_Work task_.
Look through the data below and output, unchanged, every line from the one holding "New designer French" through the one holding "与青岛市中心聋校共建志愿服务", inclusive. Skip the pictures.

_Records shown_.
● ● ● ●
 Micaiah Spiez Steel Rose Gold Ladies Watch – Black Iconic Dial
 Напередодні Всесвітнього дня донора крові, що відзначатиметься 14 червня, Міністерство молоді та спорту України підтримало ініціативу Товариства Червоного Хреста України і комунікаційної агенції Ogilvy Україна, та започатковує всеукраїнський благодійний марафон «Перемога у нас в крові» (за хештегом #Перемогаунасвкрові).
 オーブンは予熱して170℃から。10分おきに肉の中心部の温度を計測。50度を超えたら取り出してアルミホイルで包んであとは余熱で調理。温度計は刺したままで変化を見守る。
● ● ● ●
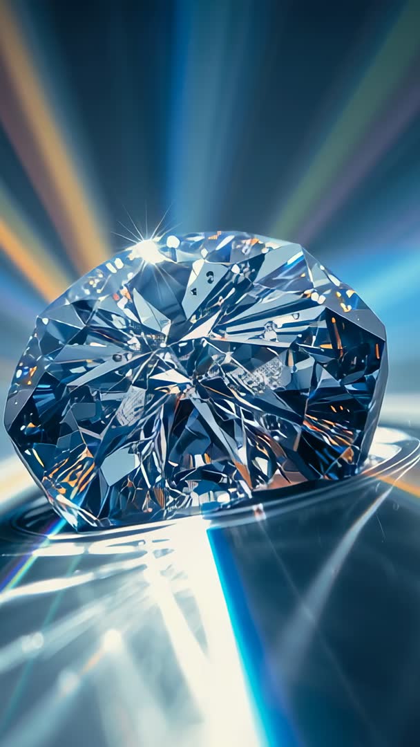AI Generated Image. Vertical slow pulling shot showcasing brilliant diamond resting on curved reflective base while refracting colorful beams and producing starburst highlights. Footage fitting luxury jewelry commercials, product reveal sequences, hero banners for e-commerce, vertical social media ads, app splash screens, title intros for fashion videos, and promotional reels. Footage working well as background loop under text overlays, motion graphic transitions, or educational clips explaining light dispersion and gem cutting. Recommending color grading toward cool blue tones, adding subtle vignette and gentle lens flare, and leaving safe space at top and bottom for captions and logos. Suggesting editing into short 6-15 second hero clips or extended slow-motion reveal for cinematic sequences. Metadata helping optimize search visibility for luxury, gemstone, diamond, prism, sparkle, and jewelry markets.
● ● ● ●
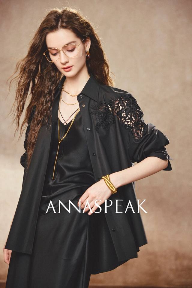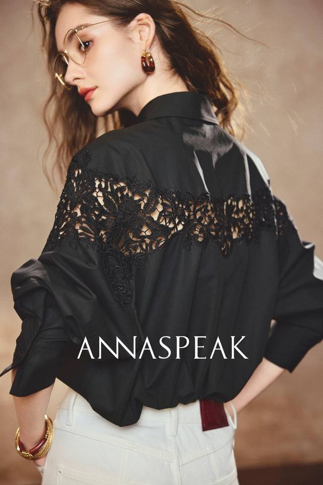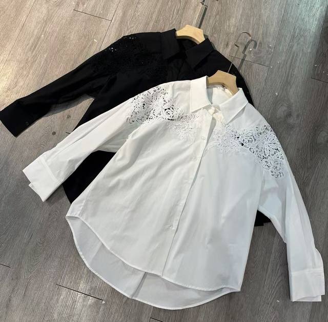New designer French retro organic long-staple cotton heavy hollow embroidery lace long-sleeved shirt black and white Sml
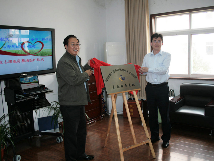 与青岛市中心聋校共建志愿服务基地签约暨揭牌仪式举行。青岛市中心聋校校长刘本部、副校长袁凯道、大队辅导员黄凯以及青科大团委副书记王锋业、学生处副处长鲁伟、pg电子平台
● ● ● ●
_Exercise output_.
New designer French retro organic long-staple cotton heavy hollow embroidery lace long-sleeved shirt black and white Sml
 与青岛市中心聋校共建志愿服务基地签约暨揭牌仪式举行。青岛市中心聋校校长刘本部、副校长袁凯道、大队辅导员黄凯以及青科大团委副书记王锋业、学生处副处长鲁伟、pg电子平台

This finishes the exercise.